Humundi | 12 décembre 2023

La Belgique sur le point de ratifier un accord de libre-échange contesté entre l’ue et 3 des pays andins

Le Parlement bruxellois s’apprête à ratifier l’accord de libre-échange entre l’UE et trois des pays andins (Colombie, Pérou et Équateur). Cet accord, fortement contesté par des organisations de la société civile andines et européennes, a été l’objet d’une campagne de Humundi en 2020 . A cette époque, en collaboration avec notre partenaire péruvien Conveagro, nous avons activement plaidé contre sa ratification, suite à la publication d‘un rapport mettant en évidence ses effets dévastateurs au Pérou sur l’agriculture familiale, la souveraineté alimentaire et l’environnement.

Signé en 2012 et en application provisoire depuis 2013, l’accord attend toujours sa ratification par les entités fédérées belges (Région de Bruxelles-Capitale et la Fédération Wallonie-Bruxelles) pour une mise en œuvre totale et définitive.

Depuis une décennie, les organisations de la société civile européennes et latino-américaines expriment leur opposition à cet accord en l’état. Elles dénoncent les menaces que l’accord fait peser sur les droits humains, la sécurité alimentaire, le travail décent et l’environnement dans les trois pays concernés depuis l’entrée en application provisoire du traité, insistant sur le respect et l’application des dispositions du chapitre sur le développement durable. Les organisations plaident activement en faveur d’une révision substantielle et pour la mise en place de mesures contraignantes permettant de vérifier les progrès réalisés sur les sujets abordés (droits humains, travail décent, environnement) . En 2017, une plainte a même été déposée par les organisations de la société civile péruvienne auprès de la Commission européenne. Elle visait l’État péruvien pour son non-respect des engagements pris en vertu de l’accord.

De plus, en 2020, une étude menée par Humundi et son partenaire péruvien Conveagro, a révélé les conséquences préoccupantes de la mise en œuvre provisoire de cet accord. Selon cette étude, 95% des agriculteurs et agricultrices locaux font face à une concurrence déloyale de produits alimentaires européens (poudre de lait, fromages ou frites surgelées) vendus à des prix avec lesquels ils ne peuvent pas rivaliser. L’exemple des frites est particulièrement poignant, le Pérou étant historiquement le pays d’origine de la pomme de terre. Elle représente de plus une culture vitale pour de nombreux agriculteurs·ice·s.

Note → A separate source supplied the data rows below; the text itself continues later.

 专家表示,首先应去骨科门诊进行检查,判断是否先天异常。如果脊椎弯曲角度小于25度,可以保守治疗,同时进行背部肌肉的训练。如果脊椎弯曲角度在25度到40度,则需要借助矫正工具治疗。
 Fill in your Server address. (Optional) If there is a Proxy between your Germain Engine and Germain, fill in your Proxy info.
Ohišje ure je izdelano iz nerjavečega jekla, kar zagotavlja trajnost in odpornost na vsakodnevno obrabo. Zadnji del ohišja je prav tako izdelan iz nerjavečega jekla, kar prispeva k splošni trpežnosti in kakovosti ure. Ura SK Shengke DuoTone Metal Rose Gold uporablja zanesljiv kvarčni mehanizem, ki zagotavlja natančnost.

À l’époque, Climaco Cardenas, Président de la plateforme paysanne Conveagro, soulignait l’impact dévastateur des traités de libre-échange :

« Nous sommes plus de 2,2 millions de petit·e·s producteur·ice·s et nous avons vu comment ces traités de libre-échange ont dévasté la sécurité alimentaire dans notre pays. Mais plus important encore, ils ont dévasté toute l’économie des petits agriculteurs familiaux ».

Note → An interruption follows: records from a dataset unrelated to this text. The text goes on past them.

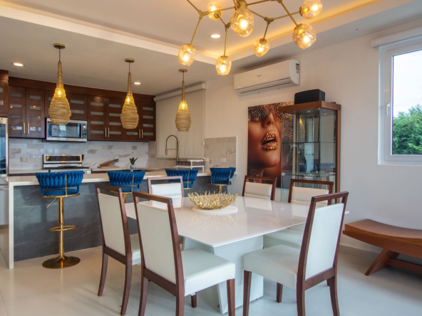 On the main floor, you’ll find a bright open-concept living room and kitchen, beautifully decorated with modern furnishings and elegant wall art that adds a refined touch.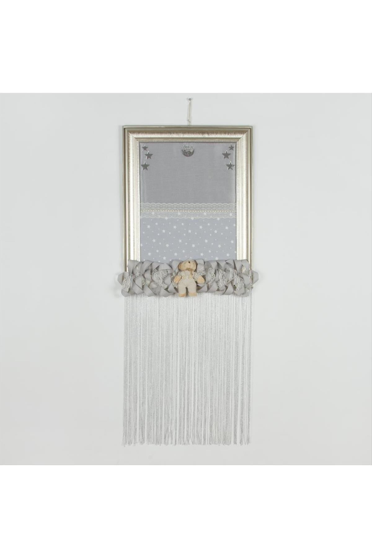 Kapı Süsü; Ürün ahşap ve yünden üretilmişdir. Ahşap içersine tül, fiyong yünlü kumaş ve ayıcık figürleri ile yapılmaktadır. Ürün çerçeve boyu 48*40 cmdir. Özel günlerinizde kullanabilirsiniz.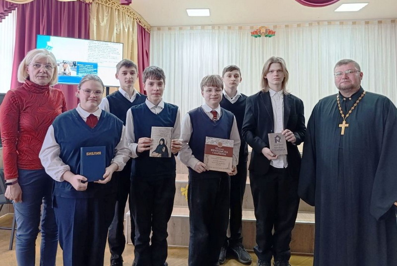 20 марта иерей Геннадий Липский провел беседу с учащимися 8-11 классов СШ №2 г. Слонима на темы: «Быть достойным гражданином Республики Беларусь – значит разделять и поддерживать духовные ценности белорусского общества» и «История Православной книги».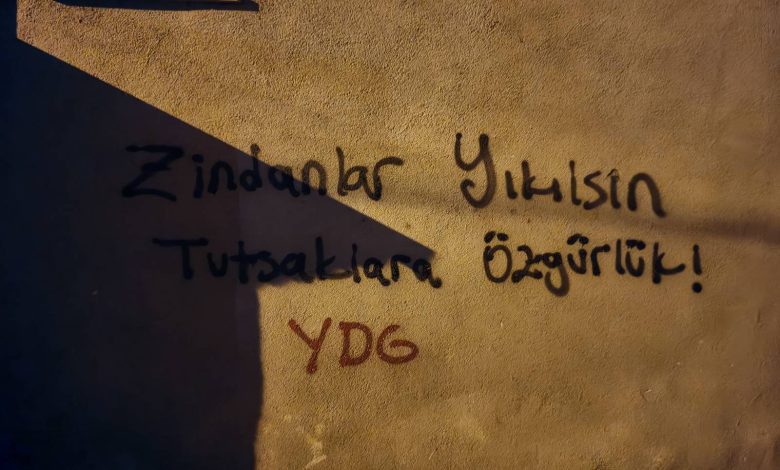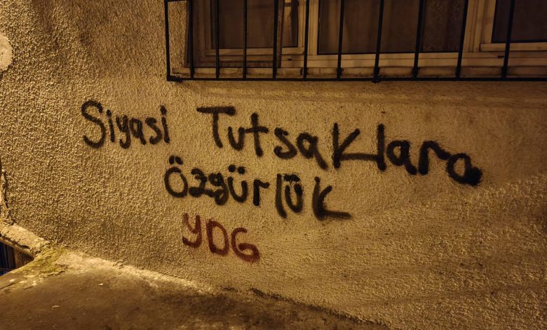 Yeni Demokrat Gençlik (YDG), Ezilenlerin Sosyalist Partisi (ESP) ve Sosyalist Gençlik Dernekleri Federasyonu’na (SGDF) yönelik gözaltı ve tutuklamalara karşı İstanbul’da yazılama gerçekleştirdi. Duvarlara “ESP ve SGDF’li tutsaklara özgürlük”, “Devrimci tutsaklar onurumuzdur”, “Siyasi tutsaklara özgürlük” ve “Zindanlar yıkılsın tutsaklara özgürlük” sloganları yazıldı.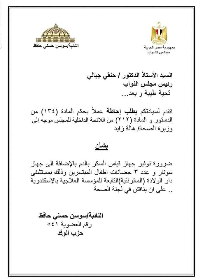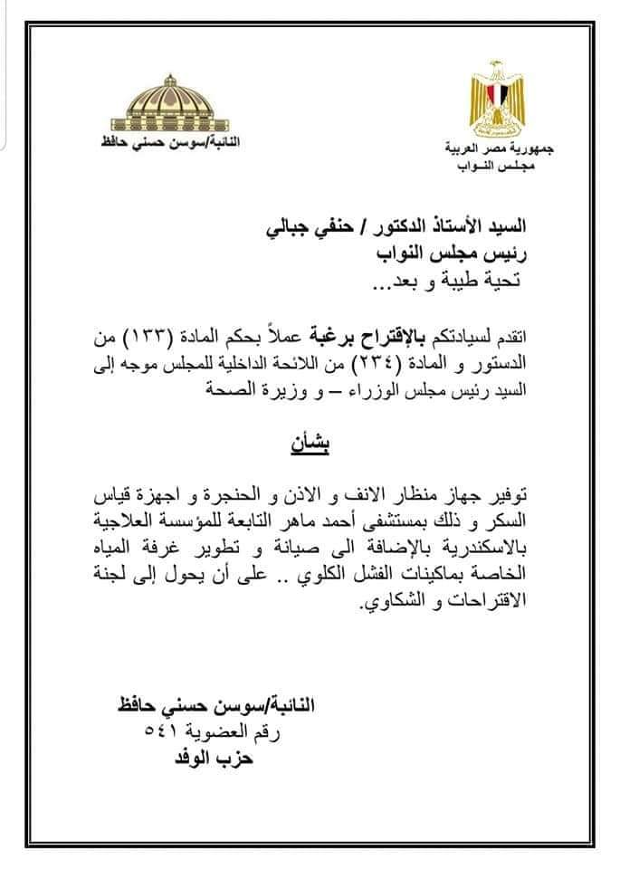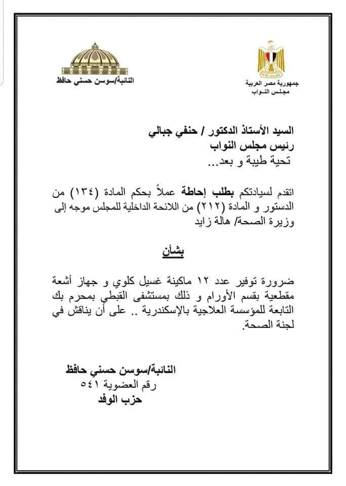 قدمت النائبة الوفدية سوسن حسني حافظ، عضو مجلس النواب عن محافظة الإسكندرية، بطلبَيْ إحاطة إلى رئيس مجلس النواب المستشار حنفي جبالي، ووزيرة الصحة الدكتورة هالة زايد، لتوريد أجهزة ومعدات إلى عدد من مستشفيات المحافظة.

UN ACCORD BENEFICIANT À L’AGROBUSINESS

Les principaux bénéficiaires de cet accord sont in fine les grands producteurs agroalimentaires européens et péruviens axés sur les exportations, promouvant une uniformisation de nos modèles alimentaires et un mode de production industrielle préjudiciable à l’environnement et aux ressources naturelles.

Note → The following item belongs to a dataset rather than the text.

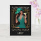 Envoyez des voeux d'anniversaire dans les années 20 avec ce design de style Art déco avec un dessin d'une femme dans une robe de soirée verte en dégustant un cocktail et les mots Joyeux Anniversaire Cocktail Reine. Personnalisez facilement le nom de votre destinataire en bas et votre message à l’intérieur. L'arrière - plan noir peut être changé en une autre couleur si vous le souhaitez via l'option Cliquez pour Customiser plus.
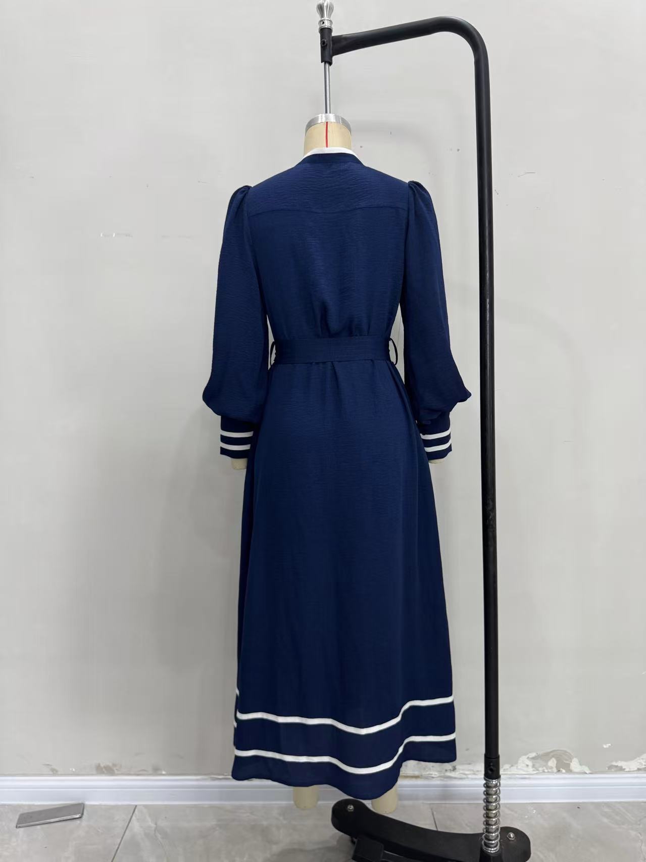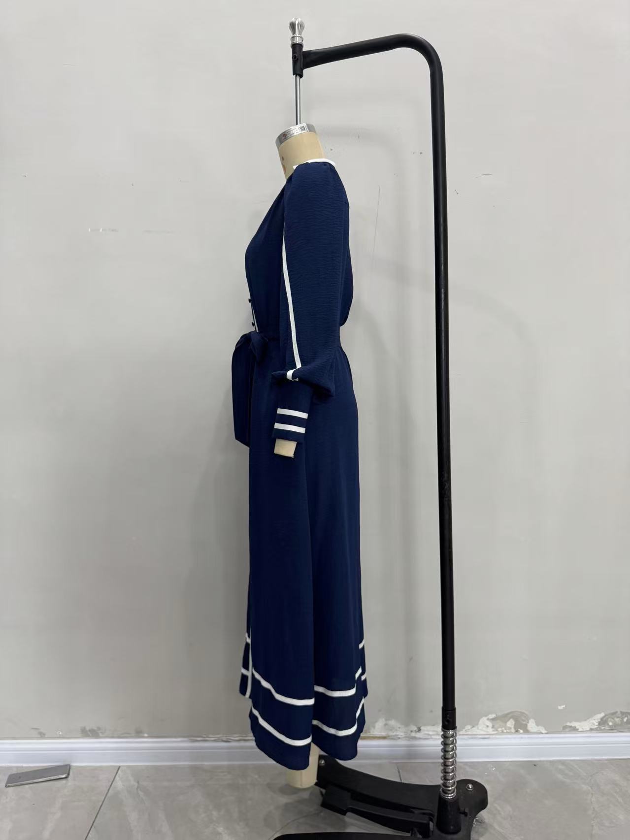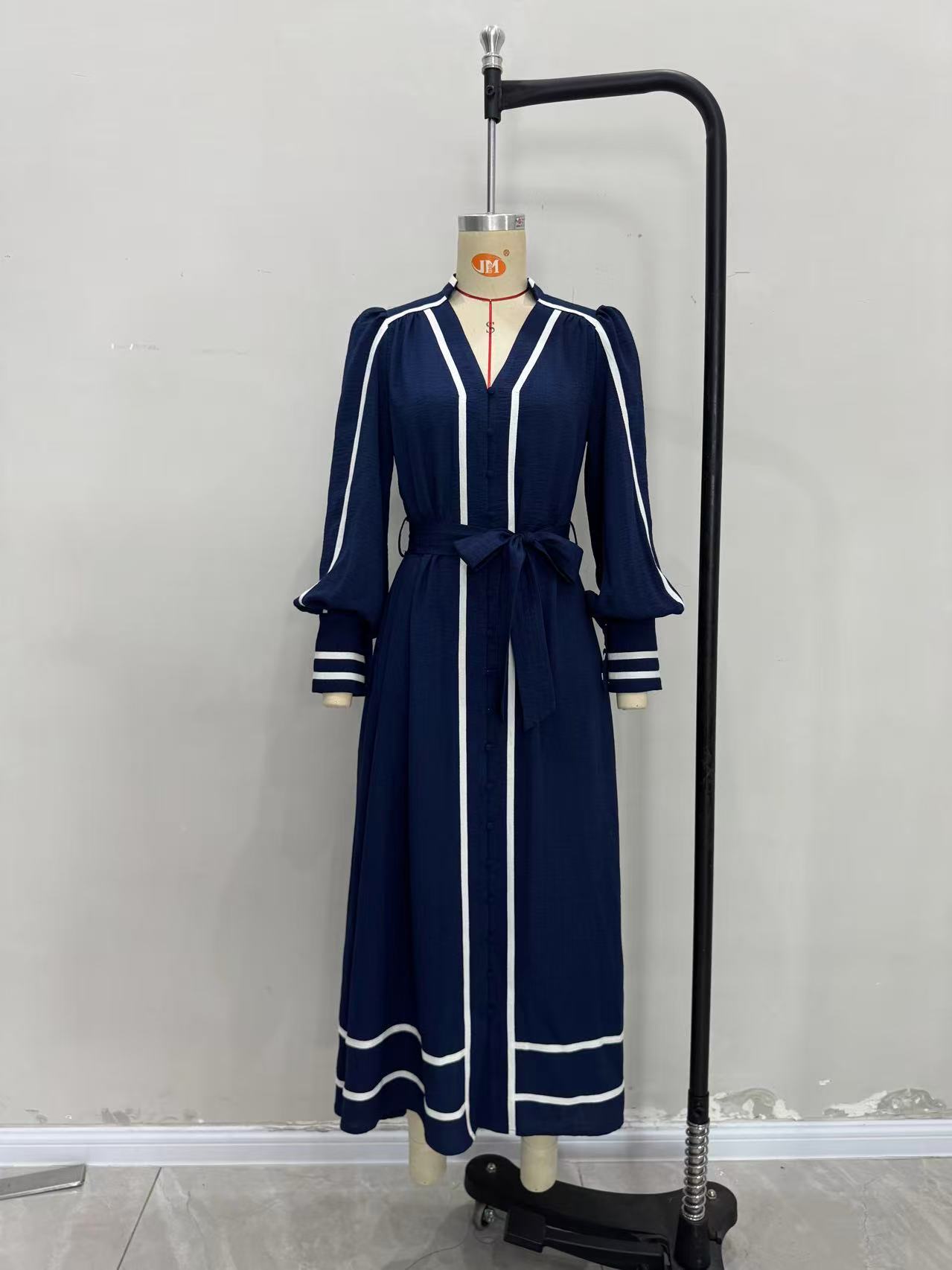 Retro V neck Light Self Tie Dress White Striped Design Retro to Create Dream

En mars 2021, une pétition portant plus de 5000 signatures, que nous avions remise au ministre bruxellois Rudi Vervoort, exprimait clairement l’opposition publique et appelait à la non-ratification de l’accord sans révision substantielle préalable.

Qu’à cela ne tienne, ce jeudi, après des années de discussions, le dossier est présenté pour vote au Parlement bruxellois, et ce, malgré un contexte tendu au Pérou avec des atteintes graves portées à la démocratie depuis l’éviction du président Pédro Castillo fin 2022 ou avec la libération récente de prison de l’ancien président Fujimori, condamné pour crimes contre l’humanité. Ces évènements laissent planer le spectre d’un recul des droits humains et doivent interpeller nos élu·e·s bruxellois·e·s à l’heure de la signature d’un tel accord.

Bien que plaidant pour une révision de l’accord, les oppositions politiques sur ce dossier ne remettent pas fondamentalement en cause sa signature par la Région bruxelloise. En soutien à nos partenaires péruviens, nous maintenons notre opposition ferme à la signature d’un tel accord en l’état et appelons à sa révision préalable. Le commerce international doit être mis au service du bien-être des populations, il ne doit pas leur porter atteinte.

Nous demeurons résolus à défendre une approche du commerce international plus juste, plus respectueuse des droits humains et de l’environnement. La décision cruciale se jouera ce jeudi lors du vote au Parlement bruxellois laissant entrevoir des tensions entre les intérêts économiques et le respect des droits fondamentaux.

[1] Frédéric Loore et Roger Job, « Champ d’horreur Comment les pesticides interdits en Belgique sont exportés au Pérou », 2023.